Trian Fund Management LP, the vehicle controlled by activist investor Nelson Peltz, and funds managed by Trian, own about 4.5% of Legg Mason’s outstanding stock. They have entered into a voting agreement in support of the transaction.
The market responded favorably to the news. Shares of Legg Mason closed up more than 24% Tuesday, while Franklin Resources’ stock went up more than 7%.
Sullivan held the top job at Legg Mason since becoming interim CEO in the fall of 2012. He was named CEO in February 2013, taking over from Mark R. Fetting, who had presided over nearly five years of client redemptions and a plummeting stock price.
Sullivan, who spent close to 30 years at Legg Mason, retained the company’s structure of using independent affiliates to focus on specific segments of the asset management industry.
Early in his tenure, Legg Mason affiliate Permal Group purchased European funds-of-funds manager Fauchier Partners, and Sullivan orchestrated a merger between Legg Mason Capital Management and ClearBridge Investments, an affiliate based in New York.
Last February, Sullivan announced that the company was launching a cost-cutting and restructuring program that would include centralizing some services among its nine affiliates. Legg Mason reported it had lost $217 million in its fiscal third quarter and seen a drop in assets under management. The company bounced back the following quarter to report a $49.5 million profit.
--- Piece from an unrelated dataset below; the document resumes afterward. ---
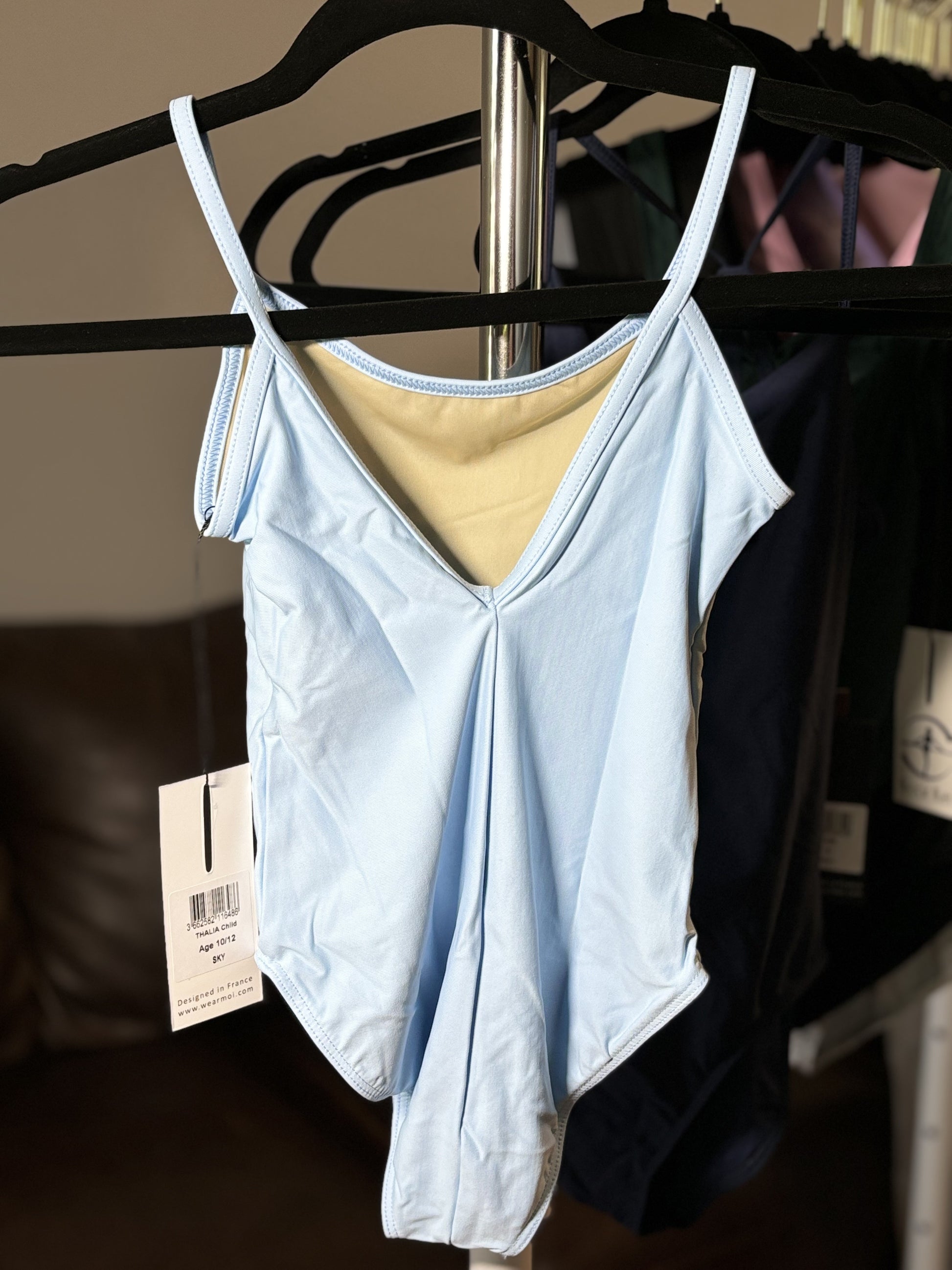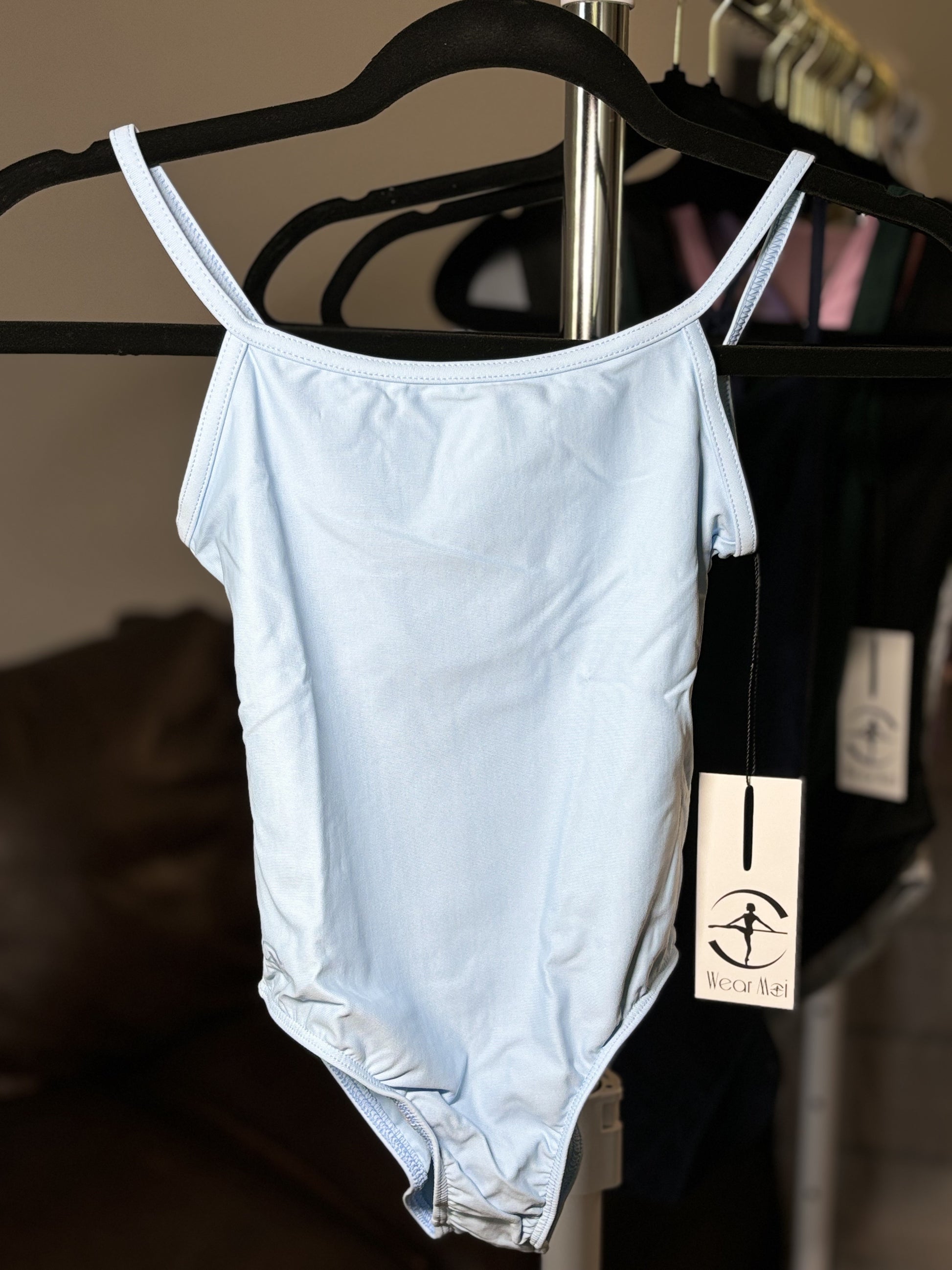 Basic camisole leotard with a V-back and back seam.

Sullivan said in February that Legg Mason would be developing a new “global operating platform” among its nine investment affiliates that the company estimated would save $90 million to $100 million a year after initial implementation costs of between $130 million and $150 million.
Then, in May, three days after adding activist investor Peltz to its board, Legg Mason Inc. said it was cutting about 12% of staff and streamlining its executive committee. Roughly 100 of the 120 jobs to be eliminated were to be in the United States.
In 2018, Legg Mason entered into a non-prosecution agreement with the Department of Justice and agreed to pay $64.2 million to resolve an investigation into a Libyan bribery scheme through Permal, one of its affiliates. Justice officials said that the alleged misconduct involved only low- to mid-level Permal employees and that Legg Mason had cooperated fully in the inquiry.
Legg Mason was created in 1970 through the acquisition of Mason & Co. by Legg & Co. George Mackubin & Co., the predecessor to Legg & Co., was founded in Baltimore in 1899.
The company became publicly traded in 1983. Raymond A. “Chip” Mason, who was chairman and CEO of the company from 1975 to 2008, built it into the nation’s fifth-largest asset management company.
It was Mason, Sullivan pointed out Tuesday, who in 2005 made the “excruciating” decision to transfer to Citigroup its private client and capital markets business – once the heart of the company — in exchange for Citigroup’s asset management business.
In the next few weeks, Sullivan said, he plans to devote his energies to helping make the sale go as smoothly as possible. “At this point I don’t have a new title or a new official role,” he said.
“It’s a day when everybody’s trying to absorb things,” he said.
The Associated Press contributed to this story.